O mercado financeiro brasileiro apresentou um desempenho variado nesta segunda-feira. O dólar registrou sua terceira queda consecutiva, atingindo o menor valor em quase três semanas, enquanto a bolsa de valores recuou, contrariando o cenário positivo das bolsas norte-americanas. Este movimento ocorreu em um dia de agenda econômica doméstica com poucos indicadores, marcado por ajustes de posições dos investidores e a observação atenta do ambiente internacional.
Câmbio: Dólar em Queda Impulsionado por Fatores Externos e Commodities
O dólar comercial encerrou o dia vendido a R$ 5,132, marcando seu fechamento mais baixo desde 17 de junho. A desvalorização da moeda americana foi influenciada principalmente pelo cenário externo e pela valorização de commodities exportadas pelo Brasil, como soja e minério de ferro, além do recente recorde nas exportações de carne, fatores que estimulam a entrada de dólares na economia. A moeda americana também perdeu força no exterior, contribuindo para os ganhos do real. Com este resultado, o dólar acumula uma queda de 0,60% nos primeiros pregões de julho e uma desvalorização de 6,50% frente ao real em 2026.

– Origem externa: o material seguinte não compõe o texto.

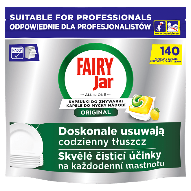 Kapsuly do umývačky riadu Jar Professional Original (All in 1) sú vyvinuté na umývanie riadu v umývačkách pre domáce aj profesionálne použitie (umývací cyklus 1 – 5 min.). Účinne umývajú dokonca aj zaschnuté škvrny od rúžu, kávy a čaju. Rozpúšťajú sa 2x rýchlejšie ako bežné pevné tablety. Povrchovo aktívne látky zabezpečujú dokonalé odstránenie zvyškov jedál a mastnoty z riadu a zabraňujú ich opätovnému usadzovaniu na príboroch, tanieroch a skle. Sú účinné pri všetkých stupňoch tvrdosti vody. Obal je recyklovateľný. V súlade s HACCP.

Ibovespa Recua Apesar do Otimismo Global
O Ibovespa, principal índice da B3, registrou queda de 0,93%, fechando aos 172.447,58 pontos, revertendo parte dos ganhos da semana anterior. Este recuo ocorreu em contraste com a valorização de Wall Street, impulsionada por empresas de tecnologia e inteligência artificial. O fluxo de recursos estrangeiros tem se direcionado para o segmento tecnológico nos Estados Unidos, diminuindo o interesse por mercados emergentes como o Brasil. No cenário doméstico, a proximidade das eleições de 2026, as incertezas sobre a política fiscal pós-2027 e o início da audiência do Escritório do Representante Comercial dos EUA (USTR) sobre práticas comerciais brasileiras contribuíram para a cautela dos investidores.
Atenções Voltadas para Indicadores Futuros e Petróleo
Investidores aguardam a divulgação da ata da última reunião do Federal Reserve (Fed), banco central dos Estados Unidos, prevista para quarta-feira (8), que pode fornecer novas indicações sobre a trajetória dos juros na maior economia global. Além disso, o mercado também espera o Índice Nacional de Preços ao Consumidor Amplo (IPCA) de junho, na sexta-feira (10), um indicador-chave que pode influenciar as expectativas para as taxas de juros tanto no Brasil quanto nos EUA.
Mercado de Petróleo em Leve Queda
No mercado internacional, os preços do petróleo fecharam em leve baixa. A decisão da Opep+ de aumentar a produção a partir de agosto, a normalização do tráfego de navios no Estreito de Ormuz, as negociações diplomáticas entre Estados Unidos e Irã, e o aumento das exportações russas foram os principais fatores que pressionaram as cotações. O barril do Brent, referência internacional, caiu 0,18%, para US$ 71,99, enquanto o tipo WTI recuou 0,20%, encerrando cotado a US$ 68,55.